Tarot of the Sweet Twilight, King of Swords

jcwirish

I am perplexed by this card. It's not that I dislike it, I just don't get it. Any thoughts out there as to why this King is a Scarecrow? The LWB doesn't help me at all with this one. There's a lot going on here.
 

F.M. Tarot

I am not sure exactly why but this card and the image really creeps me out! I get a deep feeling of something Stephen King-ish lol (not a word). I haven't read many of his books, but something about the landscape and that scarecrow really bring back a bad or scary memory from a King novel!

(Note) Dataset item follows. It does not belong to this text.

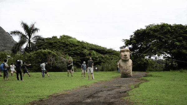 뉴욕 빙엄턴 대학교 인류학과 칼 리포 교수가 이끄는 연구팀은 모아이 석상을 가상으로 재현했다. 그런 다음 밧줄 3개와 약 50~60명 정도의 인원만 있으면 모아이가 평균 89cm의 보폭으로 라파누이 지형을 가로질러 이동할 수 있다는 것을 확인했다.

The Stand maybe? Anyone else know what I'm talking about?
 

jcwirish

Yes! I have read every Stephen King out there and I get what you mean. 'Children of the Corn' comes to mind, but that may be only because he's a scarecrow. I don't like that he has his back to the reader. I'm kind of afraid of what I'd see if he were to turn around. Why would a King card be so creepy? I can't figure out what this is supposed to be telling me.
 

Aerin

I wondered if it was about the essentials, things stripped back to what's really necessary but otherwise being able to let things go. If it isn't the crown that's important to a King then what is it?

The air is all around - that's Swords/Air I suppose - lots of stuff has blown away yet he's still there. It's pretty turbulent in this card. Maybe he (or the other figure) have actuallly conjured the maelstrom and he's juggling the items with the power of thought.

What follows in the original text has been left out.